David: At the end of the day, it’s about creating a vibrant 18-hour sustainable city. We’re trying to be competitive, frankly, with some of the other cities out there that are on a roll, like Denver and Nashville, Miami, places like that. My great hope for San Antonio is that at some point the word gets out. I’m not sure people understand how great it is here. We do! I’m not even sure some of the people living in San Antonio know how great
Q: We have a new City Council with members who are critical of the city’s practice of giving incentives for market-rate housing. Does that worry you?

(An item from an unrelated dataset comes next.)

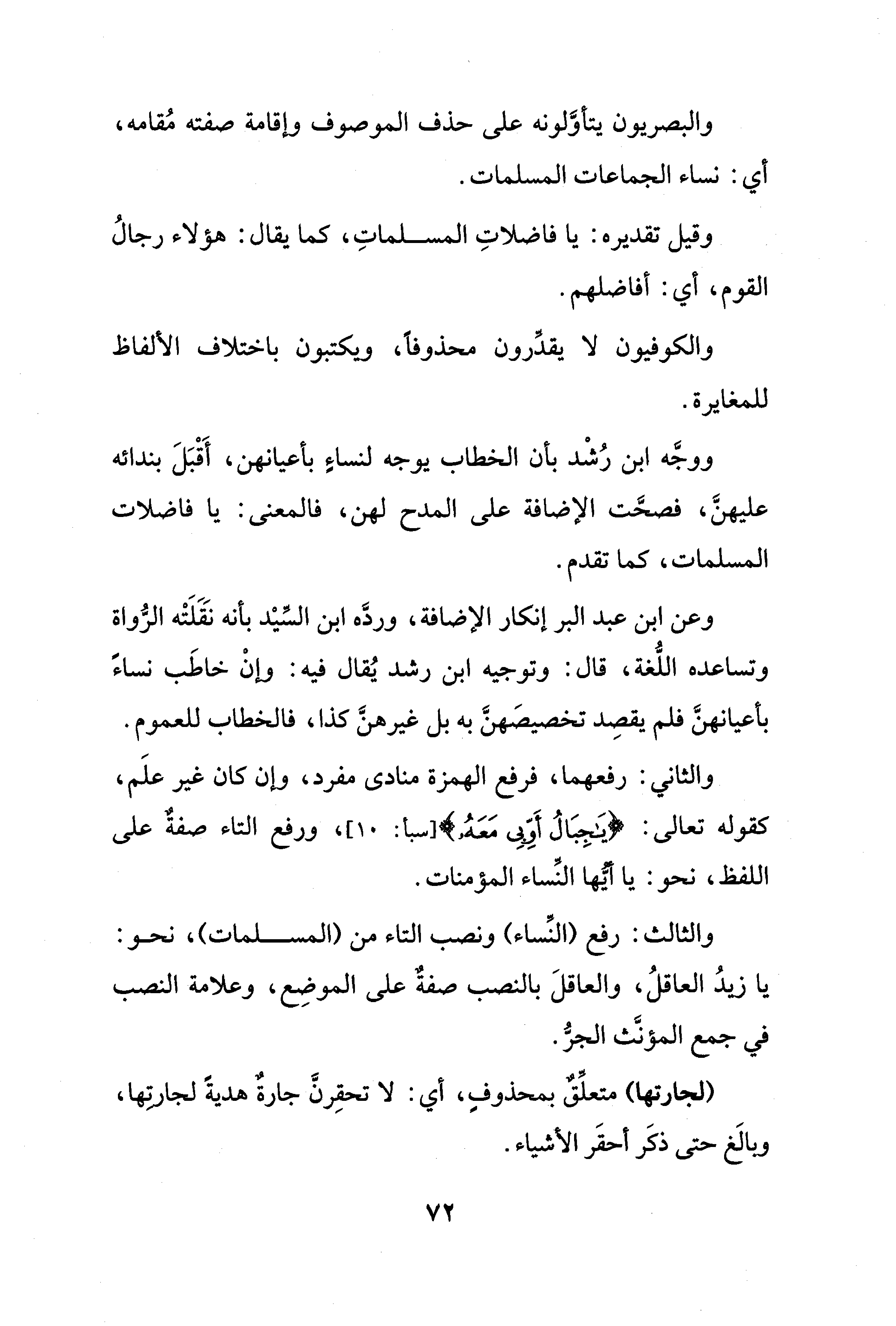 ووجَّه ابن رُشْد بأن الخطاب يوجه لنساءٍ بأعيانهن، أَقْبَلَ بندائه عليهنَّ، فصحَّت الإضافة على المدح لهن، فالمعنى: يا فاضلات المسلمات، كما تقدم.

David: Yes, I’m worried about it. It’s being portrayed as an either/or when it should be both/and. They’re conflating affordable housing with market-rate housing; we need more of both. One doesn’t come at the expense of the other.
Q: They might argue that when you build market-rate housing, new residents move in and the neighborhood becomes more expensive, driving the prior residents out.
David: That’s the basic gentrification argument. The answer is the most sustainable neighborhoods are mixed-income neighborhoods. You want to do affordable projects and market-rate projects in those neighborhoods. The people who own their homes, they’re actually great, they are actually benefited financially. Now, culturally, there can be some challenges to gentrification. We could probably go for about 10 hours on this. It’s super complicated and super contextual to the neighborhood.
I’m of the opinion that I’d rather see a city progress in terms of investment and renovation of those neighborhoods, rather than trying to restore them through subsidized housing. There’s just not enough money in the public sector to do that. And that’s usually the purview of the federal government, not local. So if all local government has the capacity to do is limit development, through regulatory environment or lack of incentives, then all they’re going to get is more of nothing. That’s what I worry about.